● INPUT DATA
··········

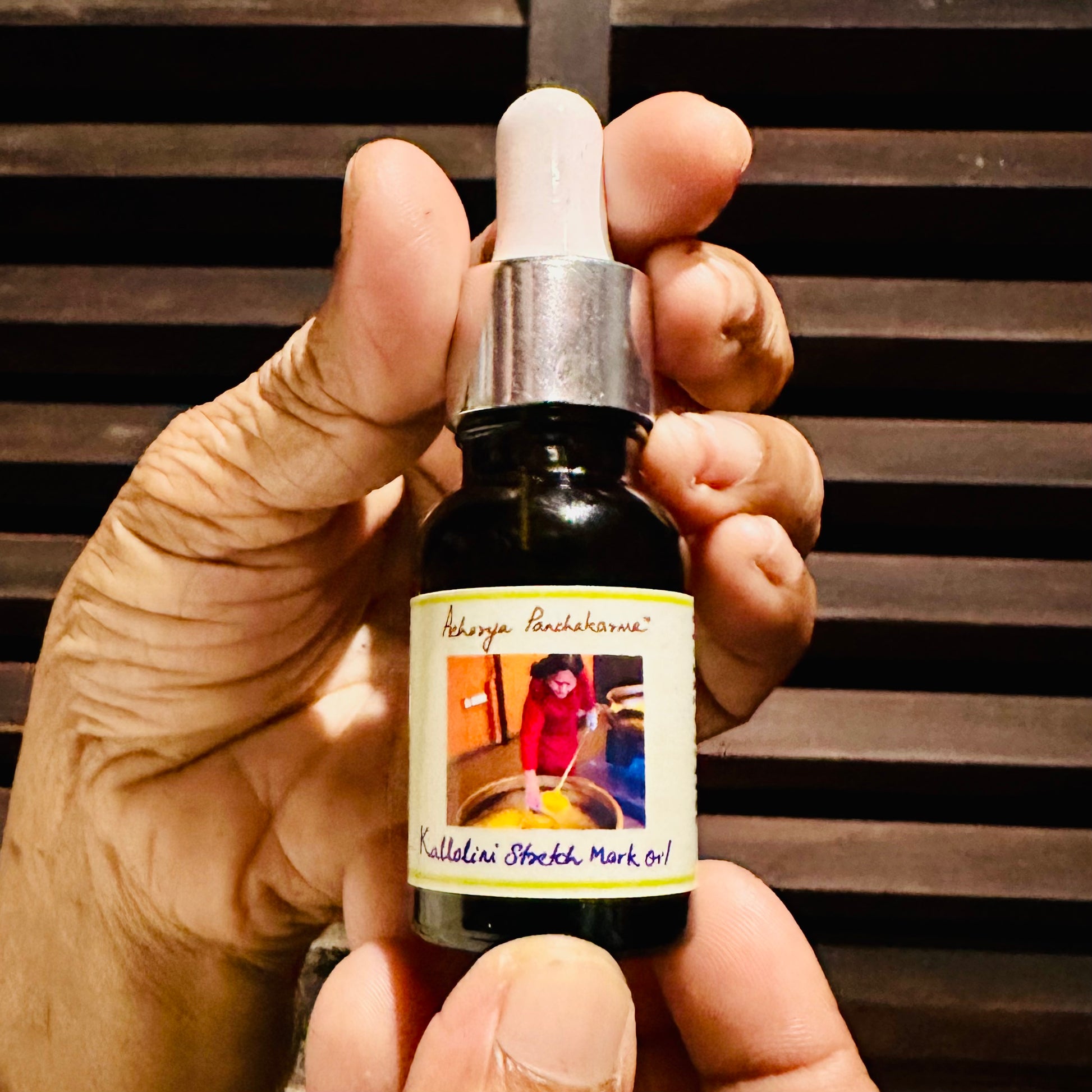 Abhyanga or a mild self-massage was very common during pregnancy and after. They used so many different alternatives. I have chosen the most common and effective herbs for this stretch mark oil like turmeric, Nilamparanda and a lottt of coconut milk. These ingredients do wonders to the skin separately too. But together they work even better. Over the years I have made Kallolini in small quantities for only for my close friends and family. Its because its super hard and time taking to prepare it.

··········

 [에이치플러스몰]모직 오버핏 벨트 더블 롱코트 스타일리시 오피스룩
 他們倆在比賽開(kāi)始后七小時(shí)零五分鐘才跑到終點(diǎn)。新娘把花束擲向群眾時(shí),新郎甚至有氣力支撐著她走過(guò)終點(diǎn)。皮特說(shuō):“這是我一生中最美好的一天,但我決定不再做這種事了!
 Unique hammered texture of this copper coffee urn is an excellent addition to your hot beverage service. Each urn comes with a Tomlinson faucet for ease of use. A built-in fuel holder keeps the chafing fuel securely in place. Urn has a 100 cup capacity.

··········

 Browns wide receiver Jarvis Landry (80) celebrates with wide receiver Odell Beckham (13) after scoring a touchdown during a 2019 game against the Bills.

··········

Give back, exactly as written, the stretch from the line with "他們倆在比賽開(kāi)始后" through the line with "Unique hammered texture", and no other lines from the records above.

 他們倆在比賽開(kāi)始后七小時(shí)零五分鐘才跑到終點(diǎn)。新娘把花束擲向群眾時(shí),新郎甚至有氣力支撐著她走過(guò)終點(diǎn)。皮特說(shuō):“這是我一生中最美好的一天,但我決定不再做這種事了!
 Unique hammered texture of this copper coffee urn is an excellent addition to your hot beverage service. Each urn comes with a Tomlinson faucet for ease of use. A built-in fuel holder keeps the chafing fuel securely in place. Urn has a 100 cup capacity.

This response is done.